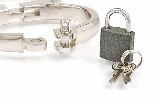 Die klappbare Handschelle mit Zapfen und Schloss aus dem Hause Kubind ist ein optisch interessantes Sammlerstück, das dennoch voll funktional ist. Durch den Aufbau werden beide Bügel zugleich geöffnet und geschlossen, das Arretieren ist daher verlässlich, verläuft schnell und einfach. Fixiert wird das Schloss mithilfe des Zapfens und eines Vorhängeschlosses. Die Präsentation in der Sammlung kann jedoch auch ohne Schloss, mit einer kleinen Kette oder einer anderen Schlossausführung erfolgen. Ausgefallene Handschelle für Sammler Das klappbare Modell Handfessel Modell mit Zapfen und grauem Schloss besteht aus Messing und wurde vernickelt, wodurch es eine anziehend glänzende und silberfarben Oberfläche aufweist. Die massive Fertigung lässt sich bereits durch das vergleichsweise hohe Gewicht erahnen. Trotz vergleichsweise filigraner Form wiegt die Handschelle etwa 320 Gramm. Der einzusetzende Zapfen und das Vorhängeschloss sind hierin bereits enthalten. Da die Handfessel aus dem Hause Kubind voll funktionstüchtig ist, erfolgt die Lieferung mit passendem Schloss und zwei Schlüsseln. Für die Präsentation in der Sammlung aber auch zum Ausprobieren ist die metallene Fessel also ideal. Die Form und Funktion erlauben jedoch keine Anpassung des Innenumfangs der beiden Bügel, der bei circa 18,5 Zentimetern liegt. Passend ist das Modell also für durchschnittliche und stärkere Handgelenke. Material: Messing, vernickelt Innenumfang: ca. 18,5 cm Gewicht: ca. 320 g incl. Zapfen und Vorhängeschloss Kubind Art-Nr.: KB-117 Lieferung mit zwei Schlüsseln.
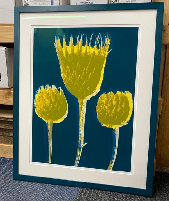 A vibrant botanical print in blues and yellows based on the work of Karl Blossfeldt. Printed on Hahnemuhle photorag fine art paper. Hand painted and waxed frame with True Vue glass UV70. Edition of 5.
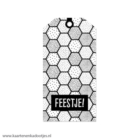 • Kadolabel medium feestje zeshoeken

ASSIGNMENT:
All lines above are to be restated word for word, with pictures excluded.

EXERCISE RESULT:
 Die klappbare Handschelle mit Zapfen und Schloss aus dem Hause Kubind ist ein optisch interessantes Sammlerstück, das dennoch voll funktional ist. Durch den Aufbau werden beide Bügel zugleich geöffnet und geschlossen, das Arretieren ist daher verlässlich, verläuft schnell und einfach. Fixiert wird das Schloss mithilfe des Zapfens und eines Vorhängeschlosses. Die Präsentation in der Sammlung kann jedoch auch ohne Schloss, mit einer kleinen Kette oder einer anderen Schlossausführung erfolgen. Ausgefallene Handschelle für Sammler Das klappbare Modell Handfessel Modell mit Zapfen und grauem Schloss besteht aus Messing und wurde vernickelt, wodurch es eine anziehend glänzende und silberfarben Oberfläche aufweist. Die massive Fertigung lässt sich bereits durch das vergleichsweise hohe Gewicht erahnen. Trotz vergleichsweise filigraner Form wiegt die Handschelle etwa 320 Gramm. Der einzusetzende Zapfen und das Vorhängeschloss sind hierin bereits enthalten. Da die Handfessel aus dem Hause Kubind voll funktionstüchtig ist, erfolgt die Lieferung mit passendem Schloss und zwei Schlüsseln. Für die Präsentation in der Sammlung aber auch zum Ausprobieren ist die metallene Fessel also ideal. Die Form und Funktion erlauben jedoch keine Anpassung des Innenumfangs der beiden Bügel, der bei circa 18,5 Zentimetern liegt. Passend ist das Modell also für durchschnittliche und stärkere Handgelenke. Material: Messing, vernickelt Innenumfang: ca. 18,5 cm Gewicht: ca. 320 g incl. Zapfen und Vorhängeschloss Kubind Art-Nr.: KB-117 Lieferung mit zwei Schlüsseln.
 A vibrant botanical print in blues and yellows based on the work of Karl Blossfeldt. Printed on Hahnemuhle photorag fine art paper. Hand painted and waxed frame with True Vue glass UV70. Edition of 5.
 • Kadolabel medium feestje zeshoeken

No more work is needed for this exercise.